» Your task:
Whatever pictures appear, omit them, and repeat the data below exactly.

» Given data:
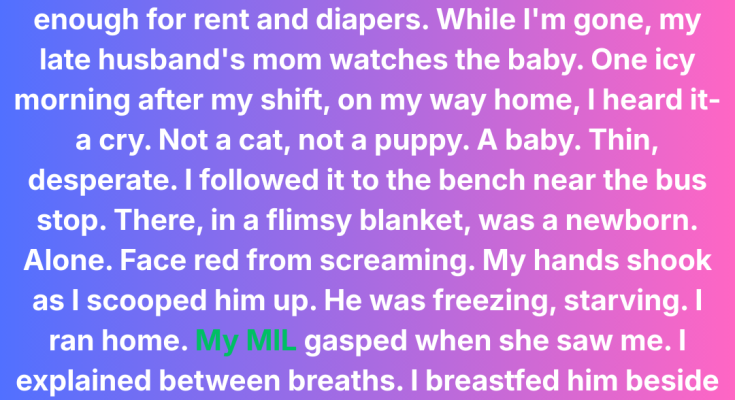 “An abandoned baby,” I gasped, breathless. “On a bench. Completely alone. He was freezing. I couldn’t simply—”
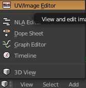 Verá un pequeño triángulo con líneas en la parte inferior izquierda de la pantalla por encima de la línea de tiempo. Si arrastra el triángulo obtendrá múltiples vistas en 3d. Cambiar la vista a editor de imagen UV. Haga clic en el enlace abierto en la parte inferior y selecciona la imagen de los archivos para cargar la imagen.
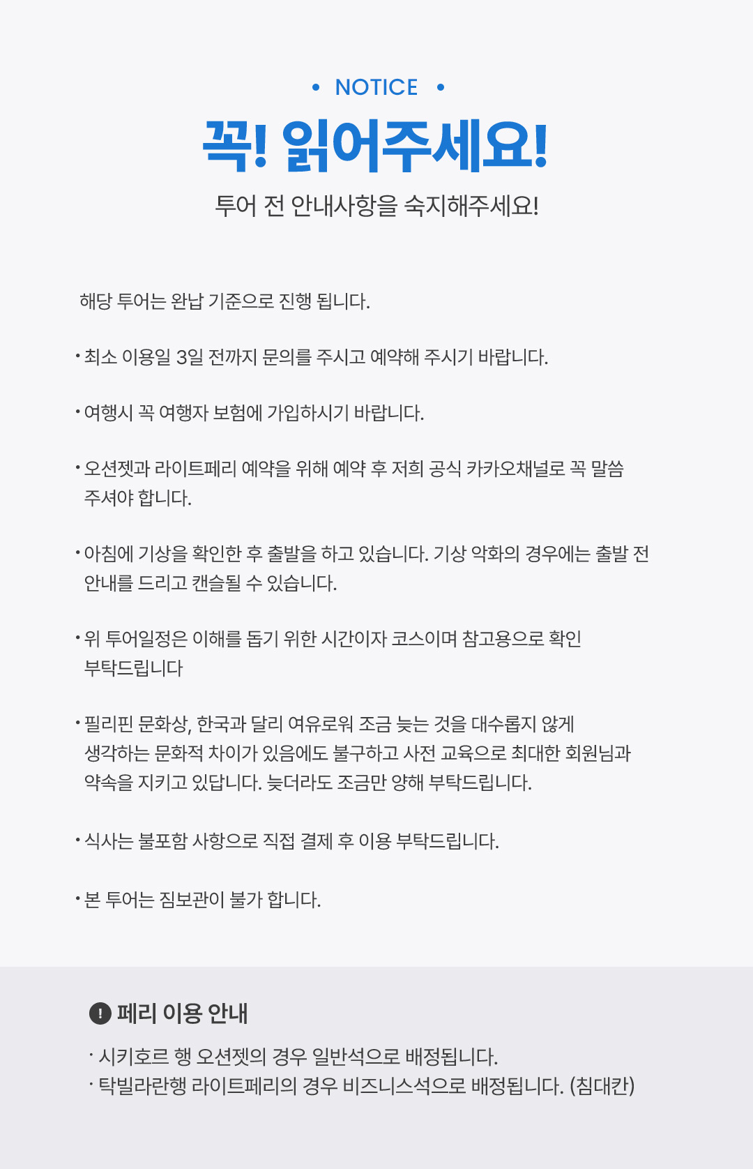☑️ 본 투어는 조인투어로 최소 6인 이상이 모여야 출발이 가능합니다.

» Your response:
 “An abandoned baby,” I gasped, breathless. “On a bench. Completely alone. He was freezing. I couldn’t simply—”
 Verá un pequeño triángulo con líneas en la parte inferior izquierda de la pantalla por encima de la línea de tiempo. Si arrastra el triángulo obtendrá múltiples vistas en 3d. Cambiar la vista a editor de imagen UV. Haga clic en el enlace abierto en la parte inferior y selecciona la imagen de los archivos para cargar la imagen.
☑️ 본 투어는 조인투어로 최소 6인 이상이 모여야 출발이 가능합니다.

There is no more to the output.